Ah, bundling up in layers until I look like a stuffed meat pie or the Michelin Man. Shoveling snow from the area between my parking space and the alley in short bursts, so I don’t have to face a backbreaking stint when I have to drive my car.
Swearing under my breath when my programmed thermostat brings the temperature in my home down from 69 to 65 at night when I’m not yet ready to curl up under the covers.
These types of things spell winter for me.
And, of course, there’s soup.
There’s something fortifying about ladling out dinner into an over-sized bowl from a covered pot that has been simmering on the stove for most of the day.
It makes me feel like I can get through whatever the day brought. Small trials seem to melt away in the savory steam that hovers over smooth white crockery. It’s a sacred atmosphere, the three inches above a bowl of soup. It like the oxygen-nitrogen blend of gases that encircle earth. Like the ring of gases makes the earth habitable, soup makes winter bearable.
Yes, I have my favorites. I make several variations of lentil soup. Some have extra veggies like spinach or celery. I season one with cumin and honey.
Of course, I make chicken soup. Like my mother, I have no recipe. I follow no rules about proportions. Rather, I throw things in the pot based on sight and feel.
Here it was a snowy Saturday. I had no place I had to be. I wanted to take care of myself, and I wanted to fill my home with aromas which would be impossible to leave.
But I felt in a little bit of a rut. A soup rut. I wanted the familiar comfort of dinner served from my blazing red Le Creuset, but I longed for something fresh, too.
I started searching recipes on the Internet, a process that can be both enlightening and overwhelming. Then I scanned a few of my cookbooks.

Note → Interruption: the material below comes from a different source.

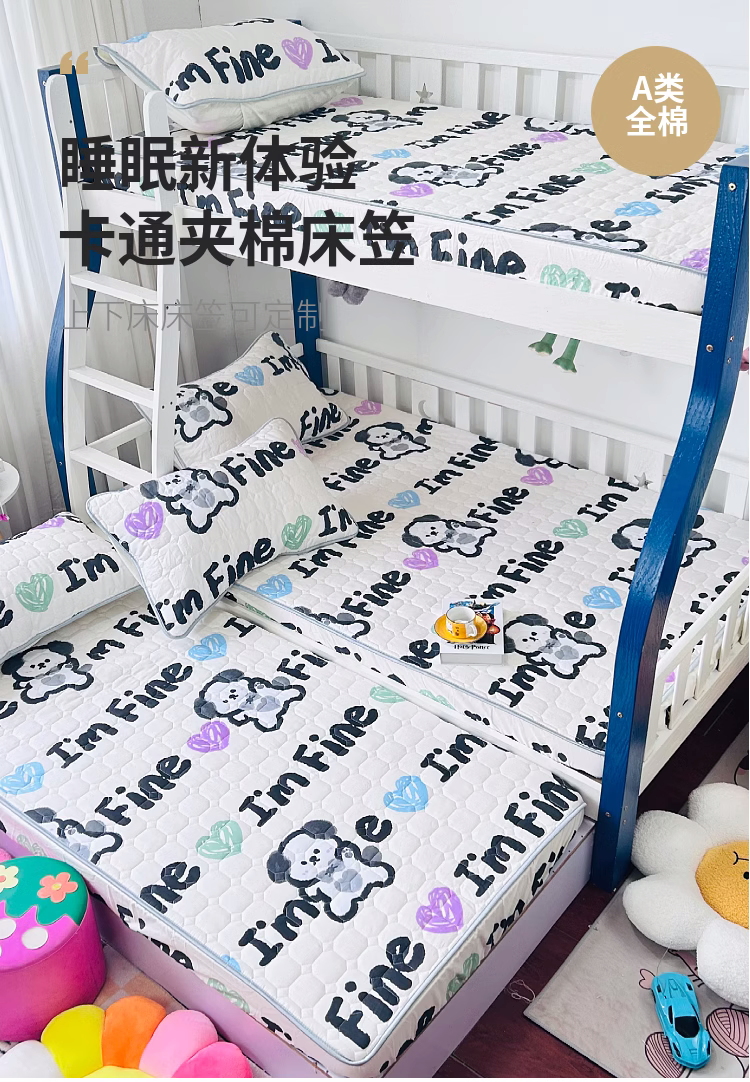 • 91家纺网 家纺一手货源 找家纺 小虾米 2023新款全棉卡通上下床夹棉系列床笠 调皮狗

I decided to make pear-parsnip soup with fresh rosemary, a recipe I found in my slow cooker book.
After a crazy drive through the snow, which was getting deeper by the minute, to get two pounds of parsnips (Once I had decided on what to make, I was not going to be stopped by not having all the ingredients in my fridge), I followed the recipe.
It was simple, you put all the ingredients in a crockpot. Cook them for 7 hours, then blend the mixture in small batches and add cream. Simple is good. And the smell of the onions and rosemary, chicken broth and pears simmering in the crockpot for hours filled my heart with joy!
After blending the magical concoction and adding the richness of half and half, I ladled out my first bowl. I consumed half of it standing over my counteer. I was so eager to try this new soup; something I had never tried making before.
Ahhhhh. I declared it a winner! A little sweet. A little savory. Creamy, but not heavy.
After it cooled, I filled a few small plastic containers and put them in the freezer. Winter comfort in storage. I placed my red pot, now only about one third full, on the bottom shelf in my fridge. I expected to consume the remaining contents over the weekend.
I was happy with the adventure. I was happy with the results, the way the soup tasted, especially considering how easy it was to make.
But I was really boosted, and grateful, by the experience of wanting to try something new and starting to look for possibilities in my immediate universe.
I considered how lucky I am that I don’t fall victim to boredom. Sometimes, I’ll get lazy and rely on the television for entertainment, but I don’t recall feeling limited by having nothing to do.
Here, I was, yearning for the simple comfort of hot soup on a cold, snowy day. I ended up treating myself to a great reminder of the infinite possibilities of tastes, of things to do or try. The ideas for starting something I’ve never done before are all around me.
Trying a new recipe is no small thing.